This used to be working but it appears @FinalizeBundle (which KafkaIO
requires) was simply ignored for portable (Python) pipelines. It looks
relatively easy to fix.
-Max
On 07.07.20 03:37, Luke Cwik wrote:
The KafkaIO implementation relies on checkpointing to be able to update
the last committed offset. This is currently unsupported in the portable
Flink runner. BEAM-6868[1] is the associated JIRA. Please vote on it
and/or offer to provide an implementation.
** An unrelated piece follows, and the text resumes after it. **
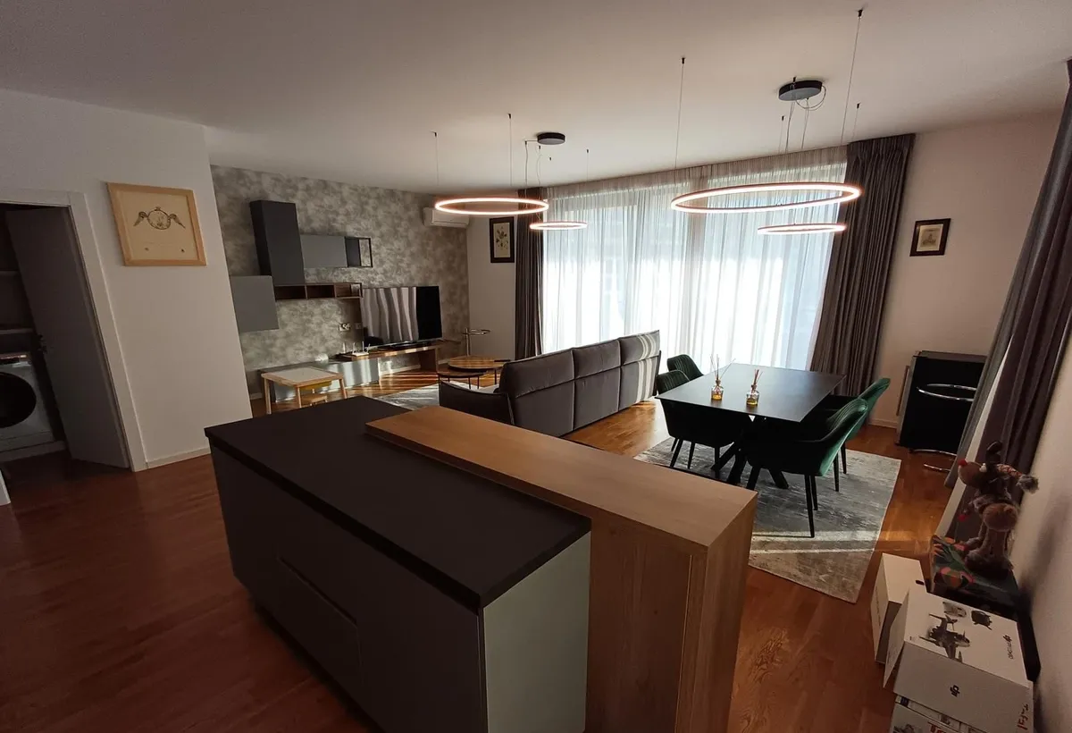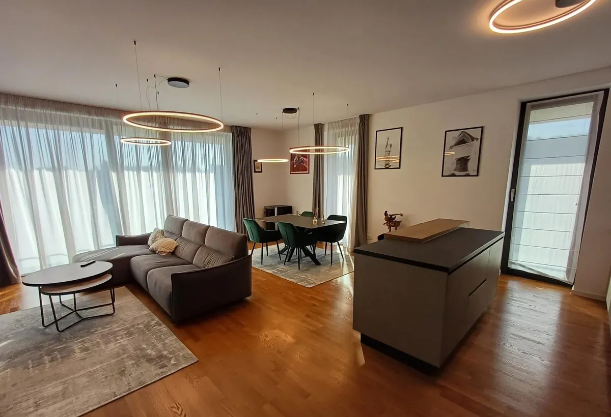 Va prezentam spre inchiriere apartament de 4 camere in ansamblul rezidential Green Vista pozitionat in Pipera foarte aproape de Padurea Baneasa Apartamentul este renovat cu finisaje de foarte buna calitate beneficiaza de centrala proprie si se inchiriaza complet mobilat si utilat inlcusiv masina de spalat vase Dispune de un dressing generos 2 bai si terasa de 30 mp ofera un spatiu ideal pentru relaxare Loc de parcare subteran inclus in pret si pentru al 2-lea loc de parcare exista posibilitatea inchirierii in cadrul complexului Complexul rezidential se afla intr-o zona curata si foarte linistita in imediata apropiere de padurea Baneasa de Sala sportiva Atlantis si de banci farmacii si cateva cafenele In apropiere de Complex se afla Scoala Questfield School Scoala Olga Gudynn Scoala Americana Internationala Scoala internationala Mark Twain In proximitate se regasesc marketurile Lidl Mega Image iar Baneasa Shopping Sity magazinul IKEA Carrefo...

1: https://issues.apache.org/jira/browse/BEAM-6868
On Mon, Jul 6, 2020 at 1:42 PM Piotr Filipiuk <piotr.filip...@gmail.com
<mailto:piotr.filip...@gmail.com>> wrote:
Hi,
I am trying to run a simple example that uses Python API to
ReadFromKafka, however I am getting the following error when using
Flink Runner:
java.lang.UnsupportedOperationException: The ActiveBundle does not
have a registered bundle checkpoint handler.
See full log in read_from_kafka_flink.log
I am using:
Kafka 2.5.0
Beam 2.22.0
Flink 1.10
When using Direct runner, the pipeline does not fail but does not
seem to be consuming any data (see read_from_kafka.log) even though
the updated offsets are being logged:
[2020-07-06 13:36:01,342] {worker_handlers.py:398} INFO - severity: INFO
timestamp {
seconds: 1594067761
nanos: 340000000
}
message: "Reader-0: reading from test-topic-0 starting at offset 165"
log_location: "org.apache.beam.sdk.io.kafka.KafkaUnboundedSource"
thread: "23"
I am running both Kafka and Flink locally. I would appreciate your
help understanding and fixing the issue.
--
Best regards,
Piotr